D'un côté, une superproduction hollywoodienne, riche en scènes spectaculaires, de l'autre un petit film d'auteur italien, tourné caméra à l'épaule. A priori, rien ne rapproche The Dark Knight et Gomorra, hormis le fait qu'ils sont sortis le même jour dans les salles françaises. Pourtant, ces deux films  traitent du même thème : la mainmise du crime organisé sur nos sociétés, et l'incapacité radicale de celles-ci à y faire face. A Gotham City comme dans la banlieue de Naples, les mêmes mécanismes sont à l'oeuvre. La nécessité de survivre et la pression du groupe conduisent des gens «normaux» dans l'engrenage de l'illégalité et de la violence.

Les réalisateurs, Christopher Nolan et Matteo Garrone, dressent tous deux un constat radicalement pessimiste de l'état monde. Dans leurs films, des franc-tireurs tentent de dynamiter le système. Mais, tandis que les deux jeunes «rebelles » de Gomorra vont au devant d'un destin qu'on devine vite tragique, le Joker de The Dark Knight (magistralement interprété par Heath Ledger, dont le dernier rôle aura été le plus grand) réussit, par sa folie machiavélique, à démolir les deux figures du «bien», qui ont voué leur vie à la lutte contre le crime. Batman, constamment dépassé par les événéments, finit par porter le chapeau en s'accusant à tort des forfaits commis par le procureur Harvey Dent, rendu fou et transformé en monstre par la démence du Joker. Il sauve ainsi la mémoire du héraut de la lutte anti-mafia. Mais le résultat, c'est qu'il ne reste plus personne pour reprendre le flambeau du combat contre le crime.

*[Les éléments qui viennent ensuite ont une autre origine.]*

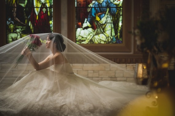 ステンドグラス輝くチャペルなどゲストハウスの結婚式場で撮影するからこそ味わえる”ソロウェディング”。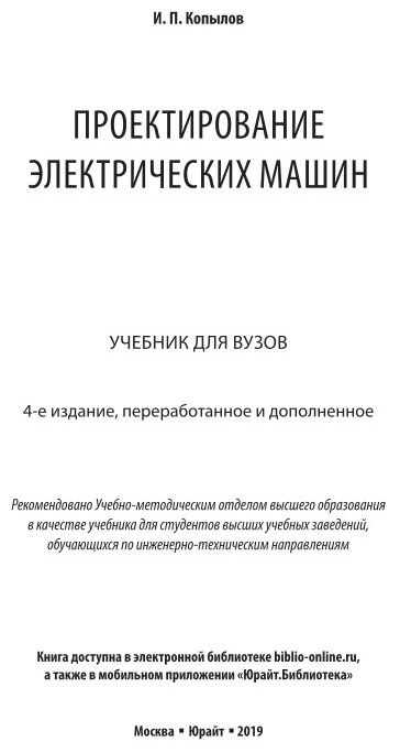 Проектирование электрических машин 4-е изд. пер. и доп. Учебник для вузов (Игорь Петрович Копылов); ЮРАЙТ, 2019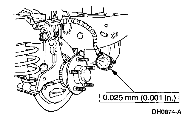 10. Install a new front hub if the total indicated runout exceeds the maximum specification.
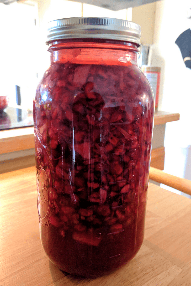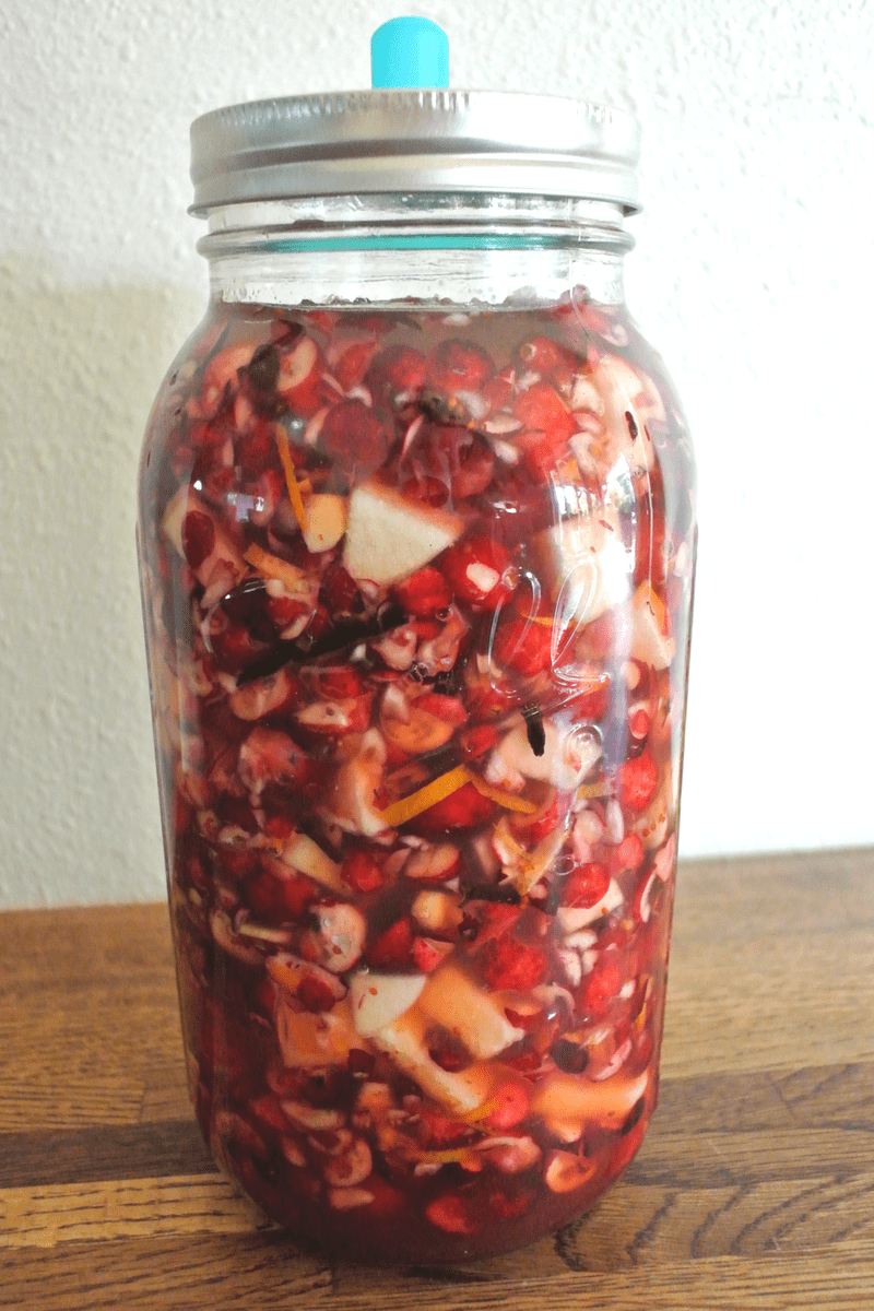 I took my cranberry sauce in a whole new direction this year when I started reading about fermented cranberries. Like peeled whole garlic, whole cranberries can be covered in raw honey and left to ferment for up to 1 year! That got my creative juices flowing and I came up with a recipe that uses a honey brine instead of straight honey. I was interested in a quicker ferment that would give me a less sugary, pleasantly sweet result. So in the true nature of creativity I winged it and came up with a completely original recipe.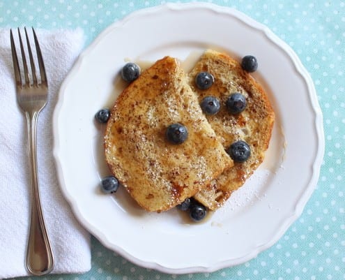 I have broiled my French toast two ways with similar results. It all comes down to your textural preference. Sometimes I pour the egg mixture into a greased pan, dip and flip the bread and then broil everything like a French toast casserole. The resulting French toast has a softer texture. Other times I dip the bread slices in the egg mixture, let excess egg drip off and then broil the bread on a greased baking sheet. This French toast has a bit more texture with a slightly crusty exterior (although it’s still very soft, especially when drenched in syrup). I prefer the second method with firmer French toast but my boys devour it both ways.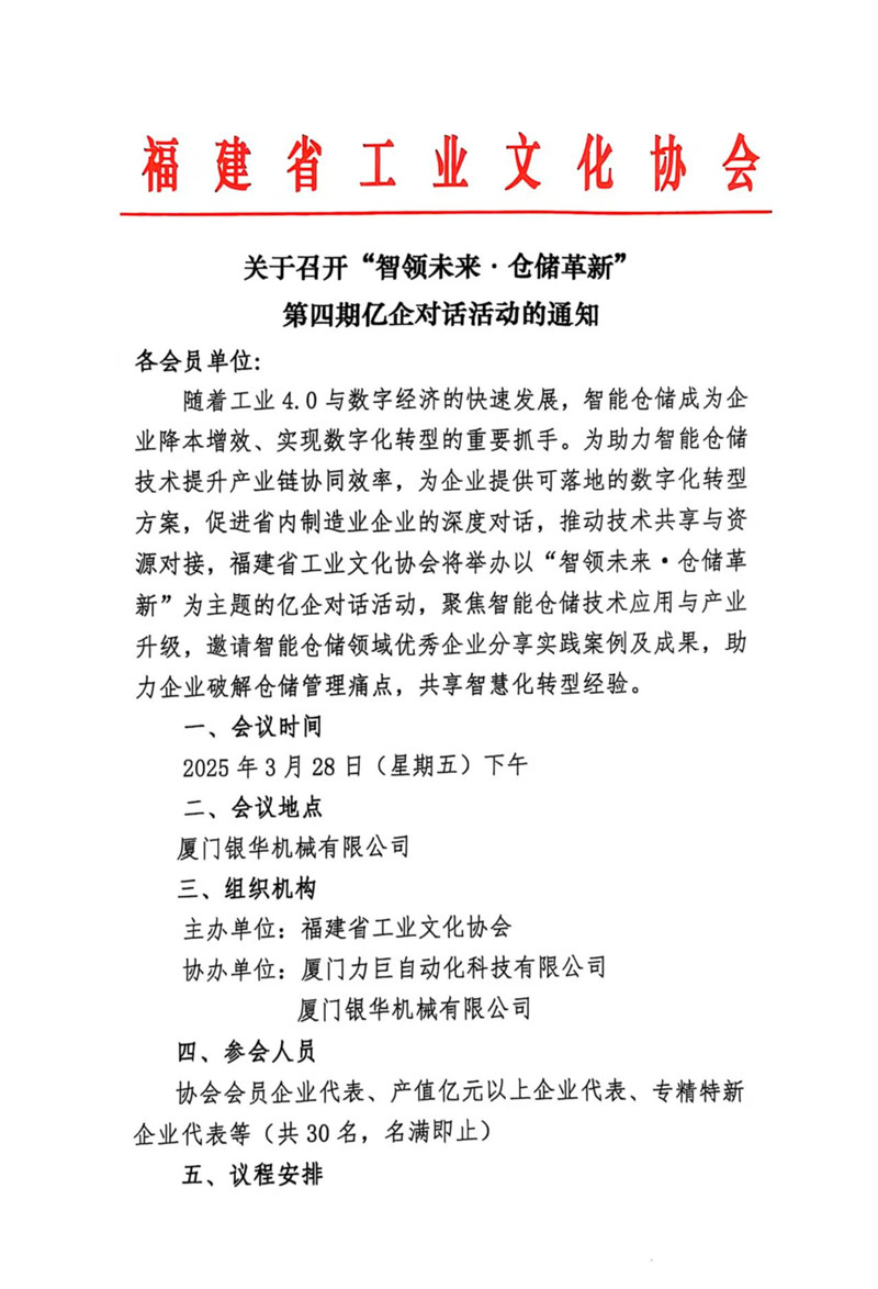 关于召开“智领未来·仓储革新” 第四期亿企对话活动的通知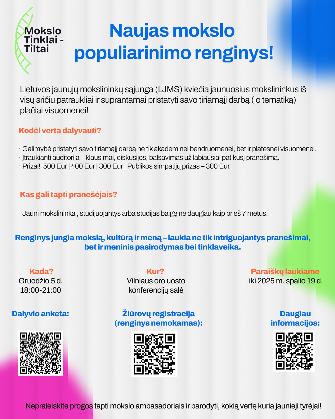 Gruodžio 5 d. 18:00 val. Lietuvos jaunųjų mokslininkų sąjunga (LJMS) kviečia dalyvauti naujame mokslo populiarinimo renginyje „Mokslo tinklai–tiltai“.
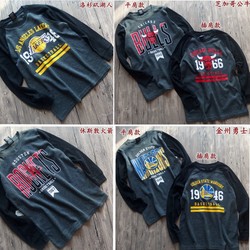 断码 男童春秋纯棉弹力圆领公牛勇士篮球队运动休闲长袖打底衫T恤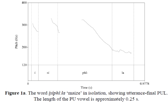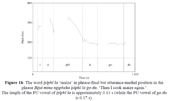 As a general rule, PUL appears regularly on phrase-final words and almost always on utterance-final words. As noted above, utterance-final words are fully lengthened while utterance-medial but phrase-final words generally receive mid-length. Example (11) repeats the phrases that appear in Figures 1a-b with the word ísíphî:la 'maize' in phrase-final position: full PUL utterance-finally in (11a) and medium PUL utterance-medially in (11b).9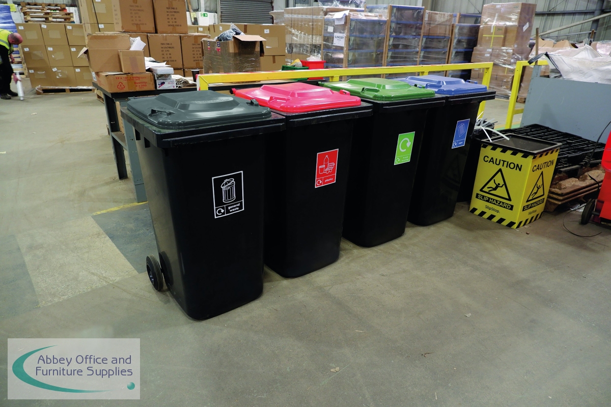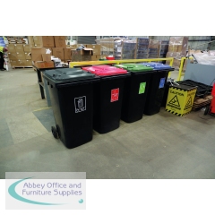This set of four 240L wheeled bins with colour coded lids for easy recycling. Lid colours include grey, red, green and blue. Complete with 4 recycling stickers: general waste (grey), plastic (red), mixed recycling (green) and paper (blue). Manufactured and tested to EN840 - DIN30700. Made from virgin material for maximum strength and life. Resistance to UV, cold, heat and chemicals. Solid steel galvanised wheel axle with tyres. 100% Recyclable at the end of life.

Très marqué par le 11 septembre (Gotham City figure New York bien que le film ait été tourné à Chicago), The Dark Knight montre aussi l'impuissance de la société américaine confrontée à un terrorisme dont la logique est imprévisible. En comparaison, les mafiosi de Gomorra obéissent à des démarches plus rationnelles, mais qui n'en font pas moins aussi beaucoup de dégâts.

Alors, profitez de cette fin d'été pluvieux pour aller voir sans tarder ces deux long-métrages coup de poing, dont le pouvoir d'émotion va de pair avec la force d'analyse et la capacité à susciter la réflexion.